Lately my lovely wife has been asking me to help her in the task of turning her blog (a WordPress installation like this one that I maintain for her) into a book. It’s a pretty daunting task, since her blog would easily surpass 1,000 pages if printed. After a few days of trying out different services and trying a variety of search terms, I just couldn’t find a good match for her blog.

Most services that turn blogs into books either require you to use one of the big hosting sites (like yourblog.wordpress.com), and of those that will take a simple WordPress XML export, the only one I could find that could handle the enormous file was a site called FastPencil.

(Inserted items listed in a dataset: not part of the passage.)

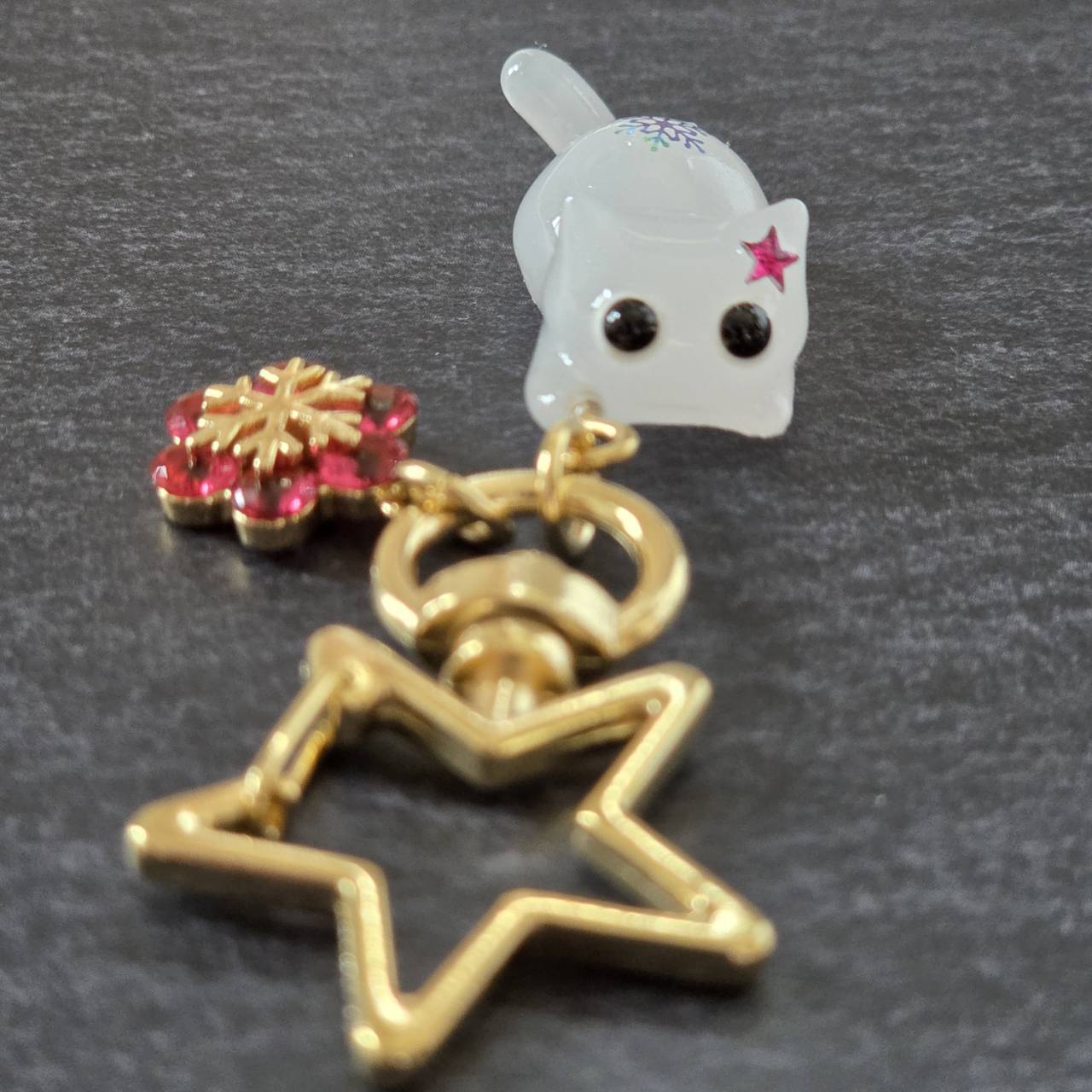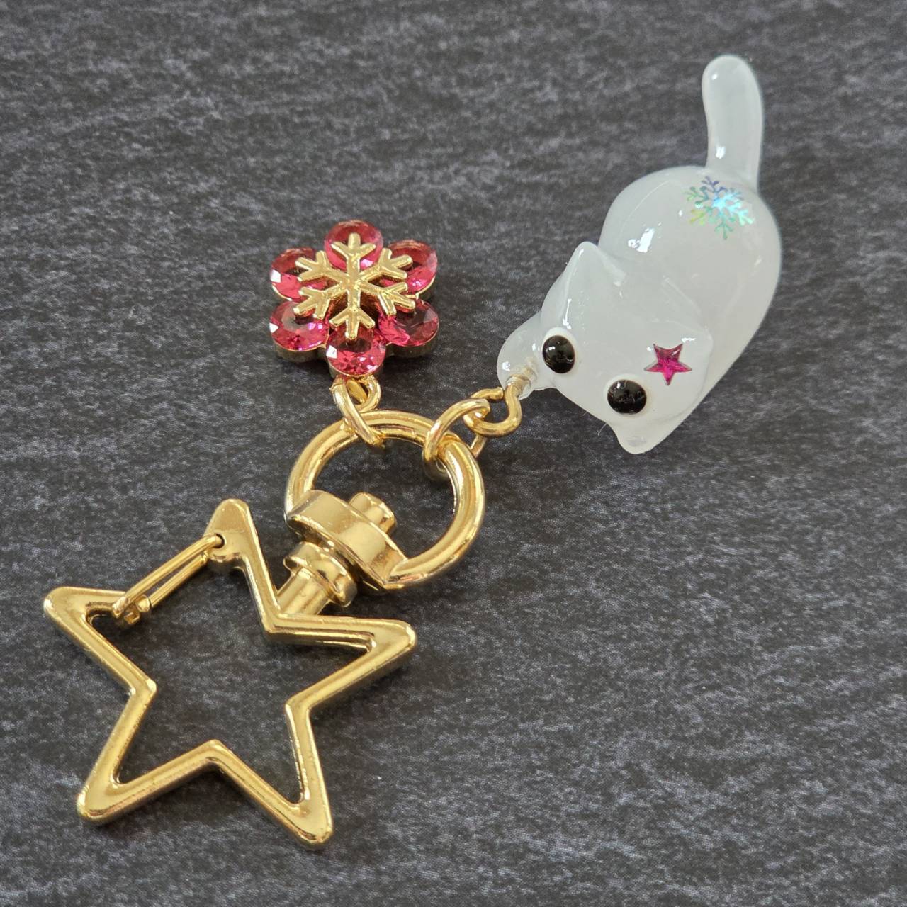 【受注販売】白猫の星型キーホルダー(ゴールド)❉ローズピンクの雪の結晶のチャーム付き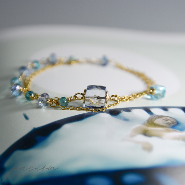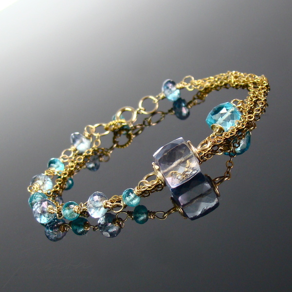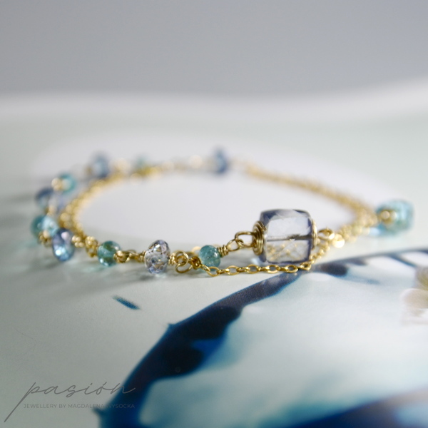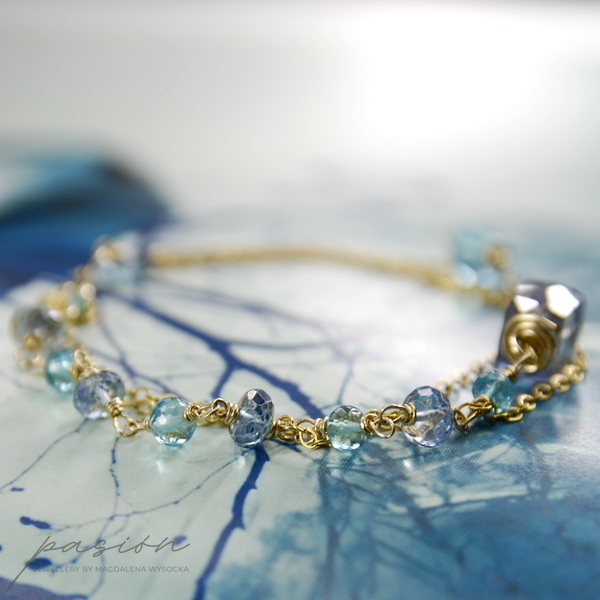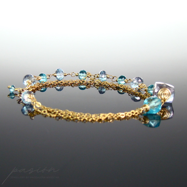 Bransoletka została ozdobiona fasetowanymi oponkami turkusowego Apatytu oraz niebieskiego, mistycznego Topazu. Dwie fasetowane kostki to niebieski Kwarc o tanzanitowym odcieniu oraz Topaz Swiss Blue w jaskrawym kolorze błękitu.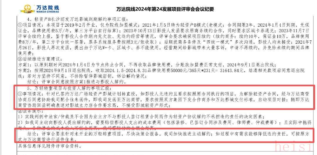 据九派财经记者获取的一份万达院线内部《发展项目评审会会议纪要》显示,针对已签约万达广场轻资产影城计划转直投,“为解除轻资产合同,经与万达商管协商后,同意协助我司配合往来函件......万达商管协助回函,明确表述对影城主力店合作要求高,不接受影城轻资产形式。”

A problem that was universal, though, was finding a service that would import the file AND retain some semblance of layout in regard to pictures and text, block-quotes, centering, etc.

Then I discovered a project called WPTEX. It is a collection of PHP scripts that asks a few questions and then converts (or, attempts to convert) a WordPress blog to LaTeX, which can in turn be converted to a PDF using PDFLaTeX. The only problem was WPTEX didn’t really do a graceful job with my wife’s blog, which is rich in pictures and special formatting.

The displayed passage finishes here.